* Exercise *
Type out the listing below exactly. Pictures stay out of it.
BEGIN Data
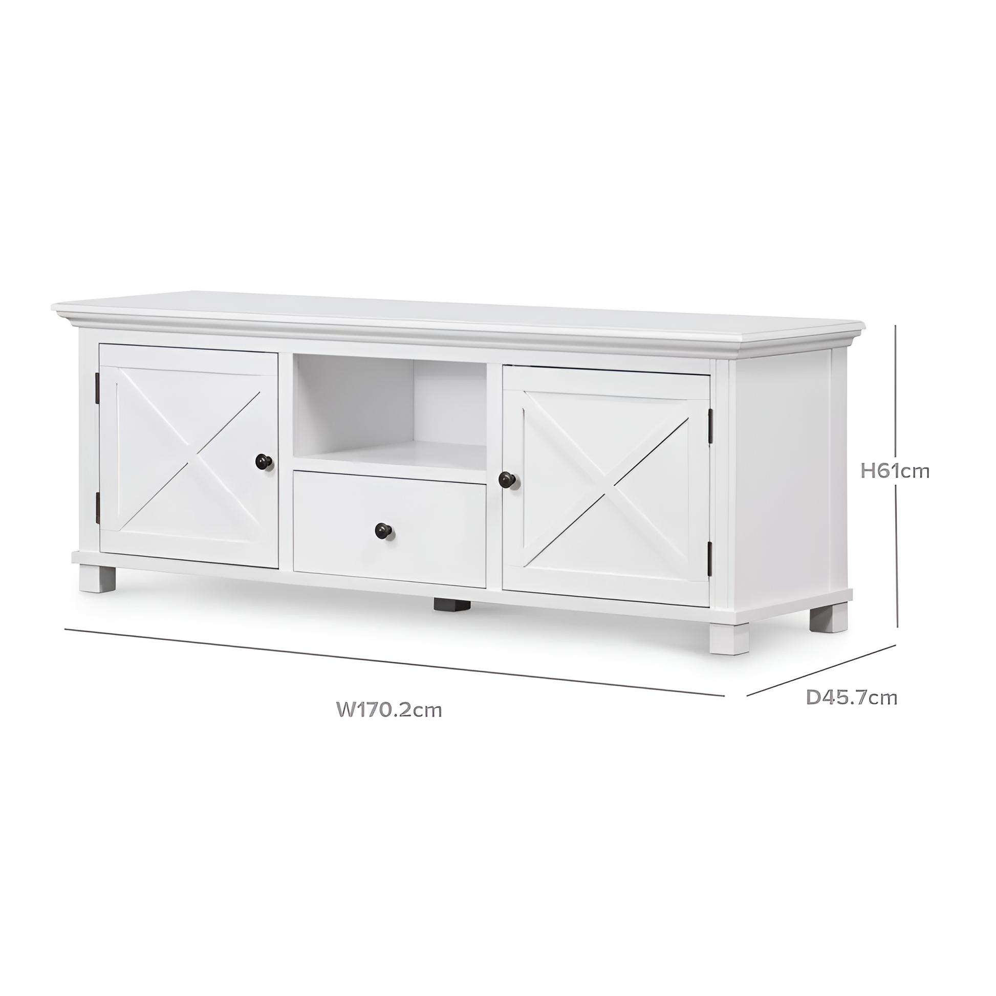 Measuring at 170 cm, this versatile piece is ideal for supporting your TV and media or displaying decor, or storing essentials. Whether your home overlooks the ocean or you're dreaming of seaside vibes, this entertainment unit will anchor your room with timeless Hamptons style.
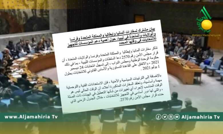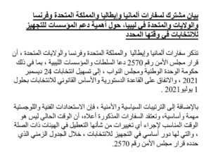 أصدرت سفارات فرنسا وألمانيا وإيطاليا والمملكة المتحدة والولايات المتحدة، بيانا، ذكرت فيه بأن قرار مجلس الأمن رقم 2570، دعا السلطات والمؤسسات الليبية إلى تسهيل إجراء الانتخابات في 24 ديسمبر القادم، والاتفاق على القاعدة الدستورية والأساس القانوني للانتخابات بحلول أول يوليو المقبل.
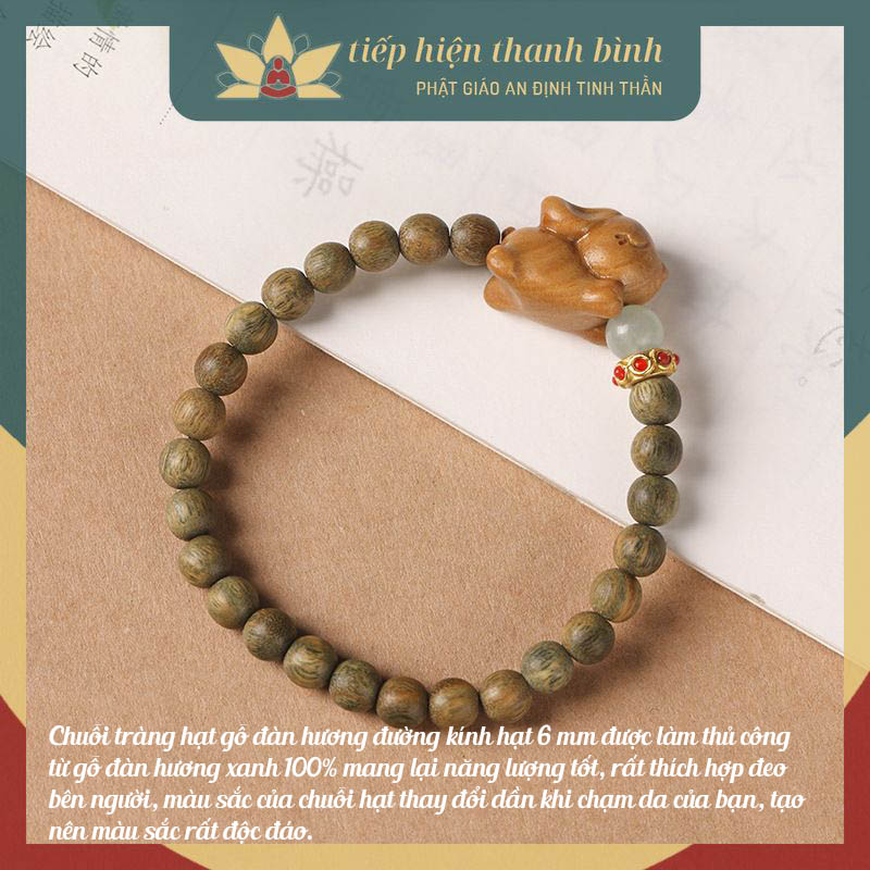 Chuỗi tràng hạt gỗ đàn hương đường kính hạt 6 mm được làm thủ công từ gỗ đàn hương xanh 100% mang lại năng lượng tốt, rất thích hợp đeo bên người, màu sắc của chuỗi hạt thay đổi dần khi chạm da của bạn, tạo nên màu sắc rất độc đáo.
END Data
* Solution for this problem *
 Measuring at 170 cm, this versatile piece is ideal for supporting your TV and media or displaying decor, or storing essentials. Whether your home overlooks the ocean or you're dreaming of seaside vibes, this entertainment unit will anchor your room with timeless Hamptons style.
 أصدرت سفارات فرنسا وألمانيا وإيطاليا والمملكة المتحدة والولايات المتحدة، بيانا، ذكرت فيه بأن قرار مجلس الأمن رقم 2570، دعا السلطات والمؤسسات الليبية إلى تسهيل إجراء الانتخابات في 24 ديسمبر القادم، والاتفاق على القاعدة الدستورية والأساس القانوني للانتخابات بحلول أول يوليو المقبل.
 Chuỗi tràng hạt gỗ đàn hương đường kính hạt 6 mm được làm thủ công từ gỗ đàn hương xanh 100% mang lại năng lượng tốt, rất thích hợp đeo bên người, màu sắc của chuỗi hạt thay đổi dần khi chạm da của bạn, tạo nên màu sắc rất độc đáo.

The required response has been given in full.